In celebration of the remarkable achievements of the first dirigible aircraft and its corresponding airship shed building, the 100 Avery level exhibition, "Housing the Airships, Curated by Christopher Dean" served as an effective reminder of earlier utopian aspirations. Presented as an extensive survey of colossal long-span lightweight structures that emerged throughout Europe and the United States in reaction to the ever increasing desire for transatlantic flight, this often rare and forgotten engineering typology remains enigmatically fresh to a new generation of technological enthusiasts.

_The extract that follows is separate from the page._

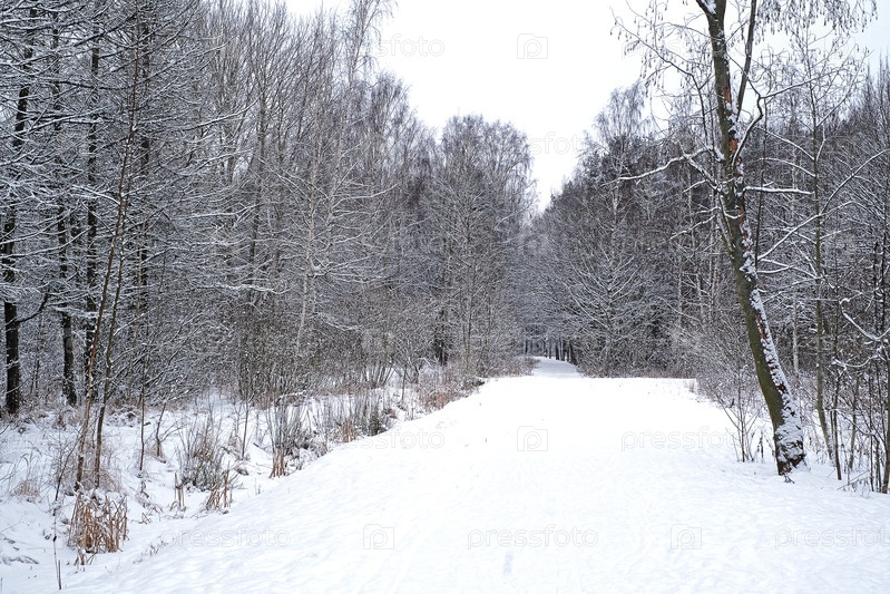 Красивый вид на холодный зимний лес со снегом и заснеженными деревьями

On the 400 Avery level, the exhibition, "Organic Crossings: Photography by Judith Turner" offered a hauntingly beautiful commentary on "figurative space" as an alternative path for architecture. Focusing exclusively on the banana leaf as the main protagonist for this series, Turner displayed an extraordinary range of insight as she created poetry from commonplace.

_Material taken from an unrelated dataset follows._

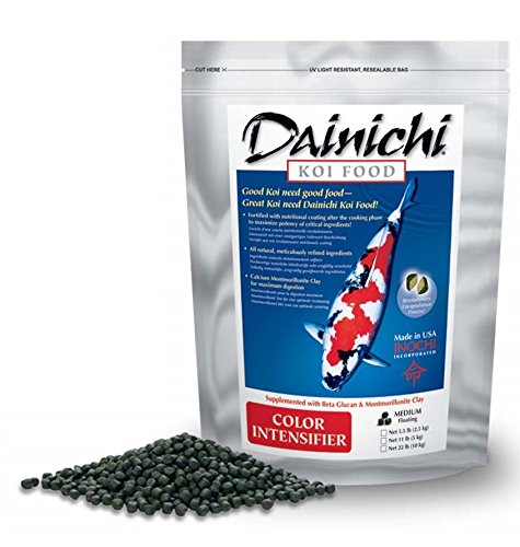 COLOR INTENSIFIER is our most potent color enhancing koi formula. It is heavily concentrated with pure cultured spirulina and Antarctic krill. Our exclusive encapsulation process provides color enhancement not possible with the conventional production methods. The result of this unique feature is that the color enhancers and other nutritive ingredients are in their raw, un-cooked state making them unequally potent. As an added benefit, this two-step application of vitamins and minerals, especially vitamins C and E, ensure that the luster, sheen and whites of your koi are always at their best. As in all other Dainichi koi foods, COLOR INTENSIFIER contains calcium montmorillonite clay to simulate the natural ingestion of mineral particles and to bind and neutralize metabolic toxins. Raw, fully potent vitamins, digestive enzymes and garlic ensure that the koi are healthy and protected from internal parasites. Furthermore, the scouring action of the clay enhances a continued rejuvenation of the digestive tract, which in turn ensures a maximum rate of digestion and assimilation of nutrients. With only two sources of starch (flour as binder and wheat germ as a source of vitamins E and B), COLOR INTENSIFIER keeps the body conformation of all koi in a constant show ready condition. As an additional benefit, the low waste production by koi, helps keeps the dissolved organics levels low in your pond, making it an invaluable aid in eliminating algal blooms.Feature

Finally completed as a new and improved traveling exhibition, "Jean Prouvé: Three Nomadic Structures, Curated by Evan Douglis and Robert Rubin" was presented in the Arthur Ross Gallery, Buell Hall throughout the entire academic year. Inspired by Jean Prouvé's commitment to the most advanced technology of his time and the legendary contributions he made to the development of modular systems, Douglis's exhibition design set out to reinterpret these conceptual directives from a new and contemporary perspective. Celebrating the current opportunities afforded by high-end 3-D modeling software and five-axis rapid prototyping milling, a series of interlocking modular elements were produced for assembly as an exhibition "display-scape". Intended to function as a curatorial game board, this new membrane and its matrix of landing sites served to offer a range of recombinatory flexibility ideal for any collection continuously undergoing change. Focusing on three of his most significant buildings: the Glass Manufacturing School of Croismare (1948), the Tropical House from Niamey (1949), and the Aluminum Centenary Pavilion at Villepinte (1954), the exhibition presented a selection of period furniture, building artifacts, and Hervé photographs as further evidence of a masterful career.

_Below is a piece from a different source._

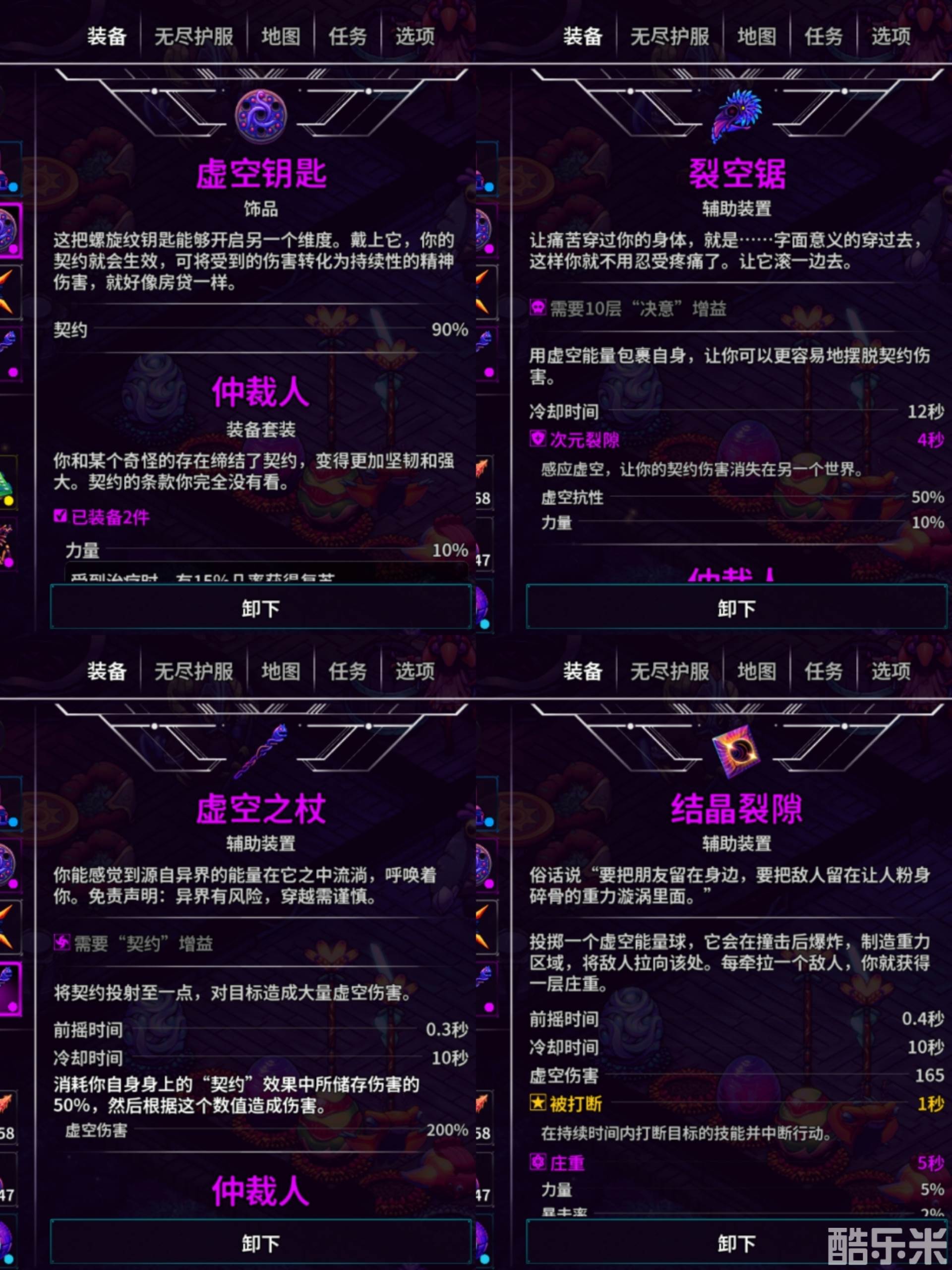 触发原理是:虚空锤站撸,增加契约伤害和叠加层数触发法杖和裂空,钥匙将受到的伤害缓存,裂空延迟伤害生效的时间,最后使用法杖将累积的伤害打出,产生远程单体的高额伤害。

In the spring, the exhibition, "WTC Memorial Competition, Selected Entries and the Finalist Project by Baurmann, Brooks and Coersmeier" was presented throughout the 400 Avery level gallery. Juxtaposing a series of Columbia student entries along side recent graduate competition finalists, the exhibition set out to highlight the visionary expanse of proposals coming from a more experimental constituency of architects. Comprised of the actual presentation boards submitted to the Lower Manhattan Development Corporation, the exhibit additionally sought to reaffirm Columbia's ongoing commitment to architecture as an agent of social change.
Readdressing the timeless legacy of a modern master, the 100 Avery level exhibition "Villa Tugenhat: A Work by Mies Van der Rohe, Curated by Jindrich and Hana Megova" presented one of the more important residential projects realized in the early years of Mies's career. Conceived as a traveling exhibition, a selection of exquisitely composed photographs offered rare insight into the evolution of an early modernist practice poised at the crest of radical change.
"Architectural Intelligence Agency, The Summer 2003 Studio of Sulan Kolatan with Gregory Okshteyn", was presented as a full-scale installation on the 100 Avery level gallery. Highlighting the experimental efforts so thoughtfully conceived in a Kolatan studio, the installation was an effective reminder of one of the more innovative digital design methodologies currently being deployed in architectural education today.
Offered in contrast to our ongoing discourse on aesthetics, typology, innovative technology, and research applied to new forms of material practice the exhibit, "Advertising + Ethics, Curated by James Fischer" presented on the 400 Avery level gallery raises for debate the often overlooked yet complex bureaucratic and legalistic processes that lie below the surface of our architectural profession. Conceived as a historical survey, the exhibit exposes the intricate and often difficult relationship between advertising and professional ethics. Following a series of case studies documented between the late 19th century and modern times, a provocative trail of political intrigue was placed on display for all to see.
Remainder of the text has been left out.